Ocorre que o PT, no governo da República, demonstrou a sua clara natureza não democrática, apelando para o crime e a corrupção enquanto instrumentos de manutenção do poder. Abandonaram a antiga bandeira da “ética na política”, entregando-se de corpo e alma à criminalização da política. O corpo foi o aparelhamento do Estado em toda a sua estrutura; a alma foi a renúncia a qualquer valor de moralidade pública e de apreço pela democracia, pelo Estado Democrático de Direito, como de validade universal. O Estado passou a ser tido por uma espécie de “coisa sua”, tratando os seus opositores como inimigos, potencialmente, portanto, a serem eliminados. Não é mera coincidência que seus opositores foram considerados nas últimas eleições “fascistas”, como se este opróbrio os desconsiderasse moralmente e os inviabilizasse politicamente. É o célebre lema petista do “nós” contra “eles”. Na verdade, tal formulação nada mais expressa do que sua difícil convivência com o outro, não o reconhecendo. Não consegue nem conviver com seus semelhantes, como bem demostraram todas suas jogadas moralmente desprezíveis contra Ciro Gomes e Marina Silva nesta e nas últimas eleições, pois seu único objetivo era hegemônico: impor a sua própria posição.

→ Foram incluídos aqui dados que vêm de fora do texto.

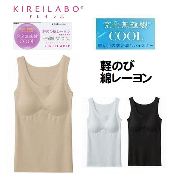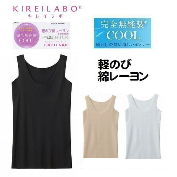 軽のび綿レーヨン ラン型 タンク 汗取り付き 綿混 ひんやり インナー タンクトップ クール 接触冷感 春夏素材 無縫製 グンゼ キレイラボ KL7653
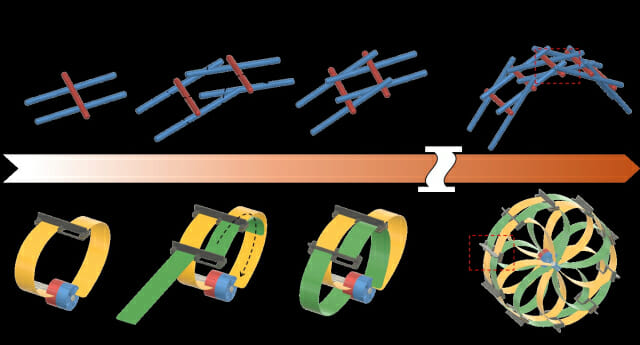 연구팀은 이러한 문제를 해결하기 위해 복잡한 기계 구조 대신 종이접기(오리가미) 구조와 소프트 로봇 기술을 결합한 새로운 전개식 바퀴를 만들어냈다. ‘다빈치 다리’의 서로 맞물리는 구조를 응용하고, 우주에서도 잘 버티는 탄성이 좋은 금속판을 종이접기 방식으로 접어 바퀴 모양을 만들었다.

O cenário muda com a atual eleição. A polarização PSDB/PT desaparece, esse último partido ainda conseguindo chegar ao segundo turno. Note-se, aqui, que tal “feito” se deve à região Nordeste e aos setores de baixa renda e escolaridade; ou seja, os “progressistas” estão enraizados nos setores menos escolarizados e de renda até um salário mínimo. Os “esclarecidos” apoiam-se nos menos “esclarecidos” da população brasileira, os que penam em sua labuta pela sobrevivência e nem conseguem ler adequadamente. Os setores verdadeiramente esclarecidos da sociedade brasileira abandonaram os seus líderes iluminados, com as ressalvas de sempre de artistas que só a eles representam.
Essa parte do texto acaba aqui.